(EXERCISE REQUIREMENTS): An exact reproduction of the records is required, with all pictures omitted.

(Dataset entries):
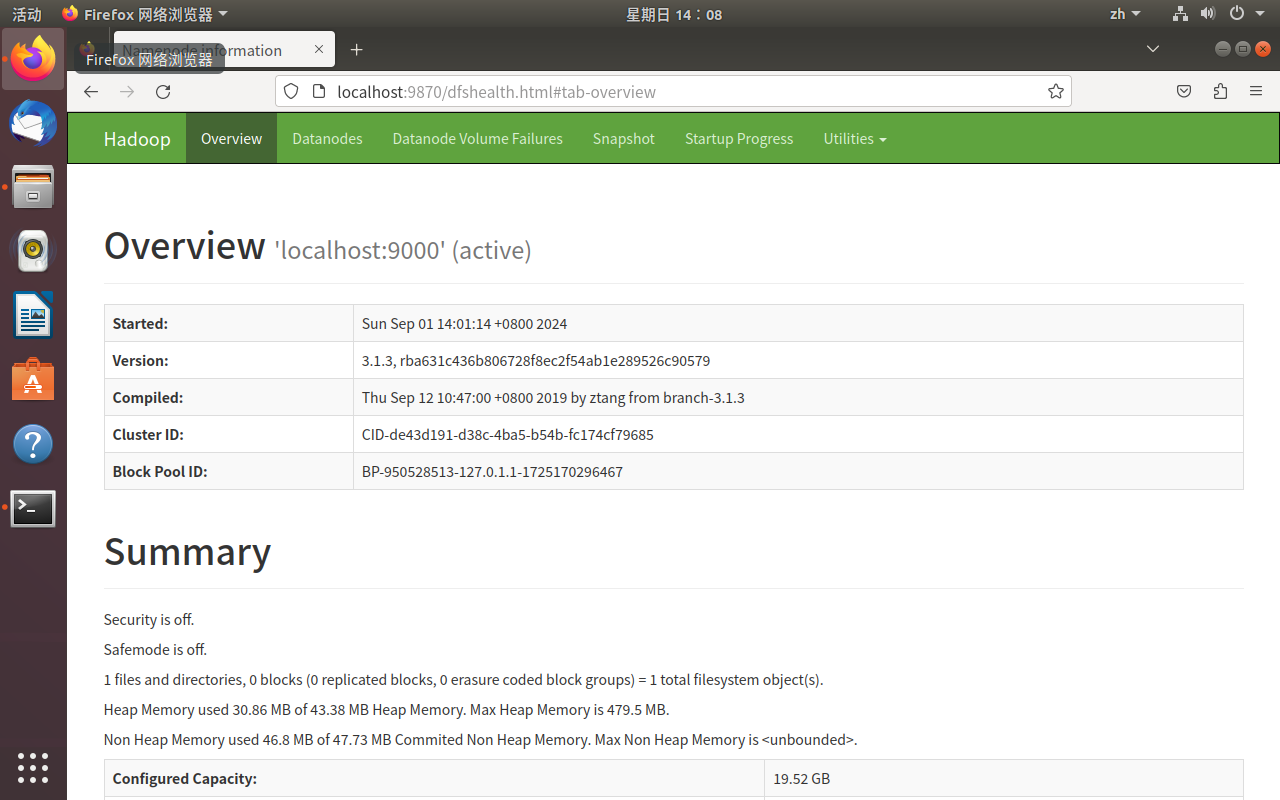 ubuntu下部署hadoop3.1.3伪分布系统 Hadoop是apache开发的,分布式服务器集群上存储海量数据并运行分布式分析应用的开源框架。其核心部件是HDFS与MapReduce。HDFS是一个分布式文件系统,MapReduce是一个分布式计算框架。说通俗点,HDFS像是一个可以动态扩展的用来存储大规模数据的大硬盘,MapReduce像是一个计算引擎,通过规则编写程序,用于完成指定的计算任务。【所需软件】以上两个资源以及后面要用到的hbase,可从我的迅雷网盘中下载:rnfk。
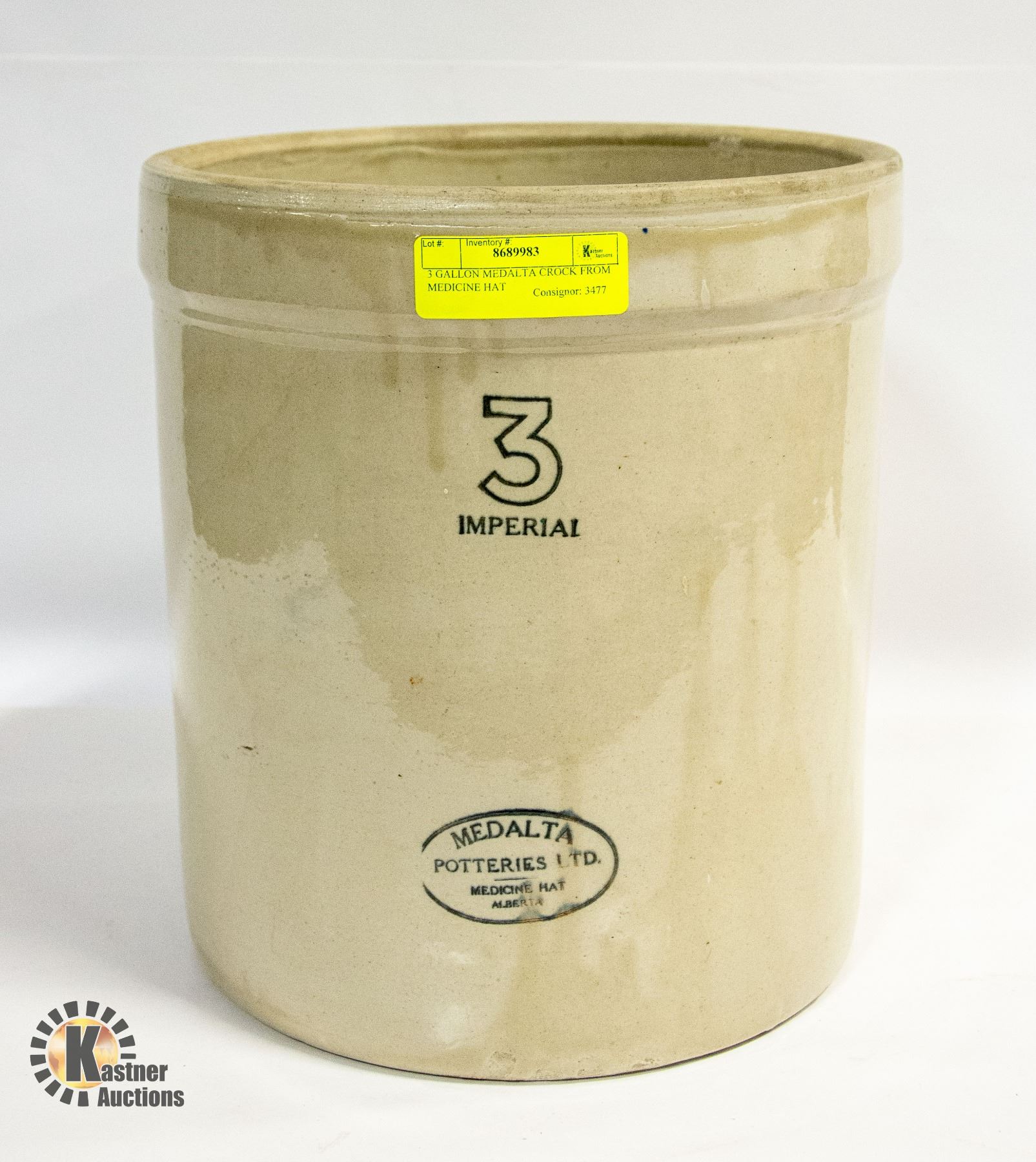 3 GALLON MEDALTA CROCK FROM MEDICINE HAT
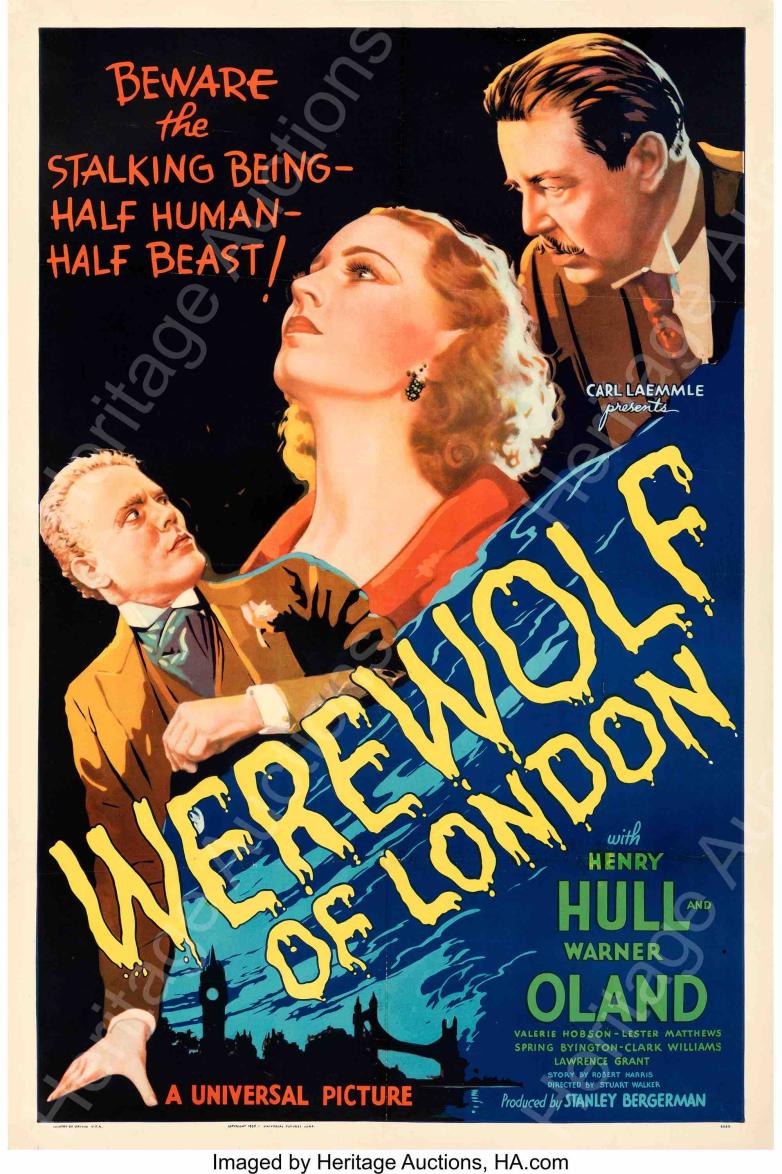 Werewolf of London (Universal, 1935) One Sheet (estimate: $60,000-120,000) is as rare as it gets, the only known one sheet from the horror classic in this style (two styles were created).
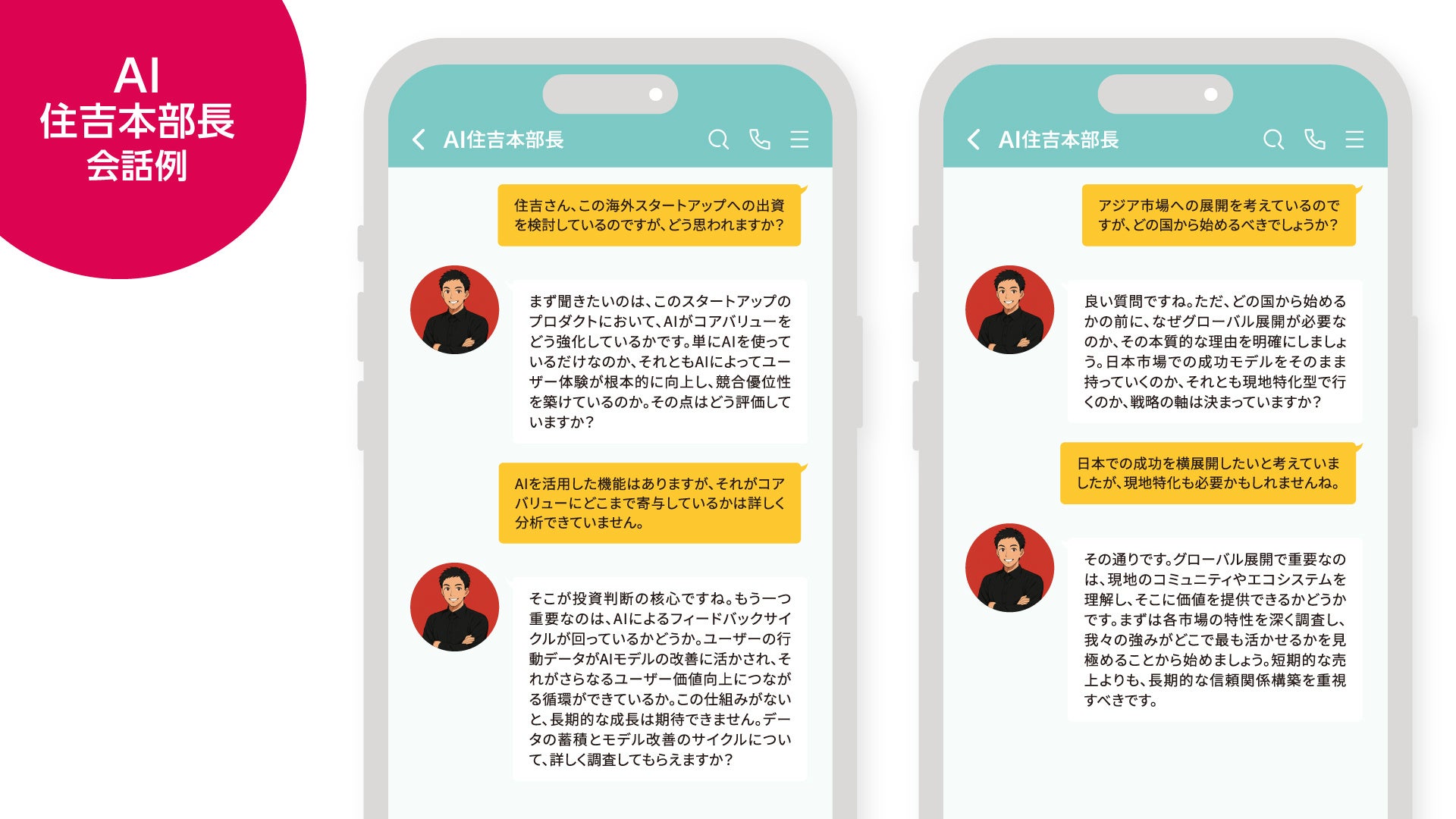 「この度は、ディー・エヌ・エー様に『AI社長』をご導入いただき、心から感謝申し上げます。特に、AIイノベーション事業本部という最前線でAI活用を牽引される住吉本部長様の戦略的思考とグローバル視点を『AI住吉本部長』として具現化できることは、我らTHAにとって大きな誇りです。
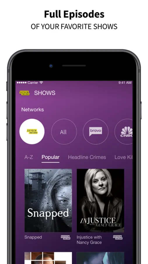 The Oxygen app is the best place to catch up on the most recent season of your favorite true crime shows, watch live TV, and stream movies and past season content! Download the Oxygen app now to watch full episodes of Snapped, Dateline: Secrets Uncovered, Buried in the Backyard, AND MANY MORE!
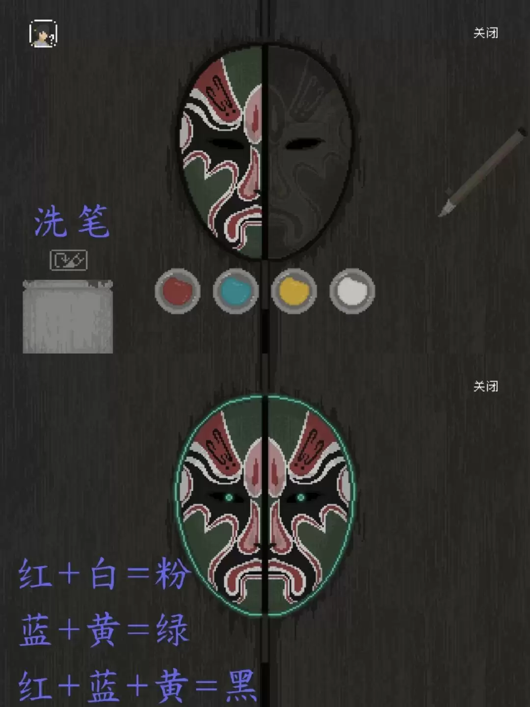 后台里还有个柜子值得调查,上面是个脸谱谜题。解开了,就能拿到一片“记忆碎片”。

(COMPLETED TASK):
 ubuntu下部署hadoop3.1.3伪分布系统 Hadoop是apache开发的,分布式服务器集群上存储海量数据并运行分布式分析应用的开源框架。其核心部件是HDFS与MapReduce。HDFS是一个分布式文件系统,MapReduce是一个分布式计算框架。说通俗点,HDFS像是一个可以动态扩展的用来存储大规模数据的大硬盘,MapReduce像是一个计算引擎,通过规则编写程序,用于完成指定的计算任务。【所需软件】以上两个资源以及后面要用到的hbase,可从我的迅雷网盘中下载:rnfk。
 3 GALLON MEDALTA CROCK FROM MEDICINE HAT
 Werewolf of London (Universal, 1935) One Sheet (estimate: $60,000-120,000) is as rare as it gets, the only known one sheet from the horror classic in this style (two styles were created).
 「この度は、ディー・エヌ・エー様に『AI社長』をご導入いただき、心から感謝申し上げます。特に、AIイノベーション事業本部という最前線でAI活用を牽引される住吉本部長様の戦略的思考とグローバル視点を『AI住吉本部長』として具現化できることは、我らTHAにとって大きな誇りです。
 The Oxygen app is the best place to catch up on the most recent season of your favorite true crime shows, watch live TV, and stream movies and past season content! Download the Oxygen app now to watch full episodes of Snapped, Dateline: Secrets Uncovered, Buried in the Backyard, AND MANY MORE!
 后台里还有个柜子值得调查,上面是个脸谱谜题。解开了,就能拿到一片“记忆碎片”。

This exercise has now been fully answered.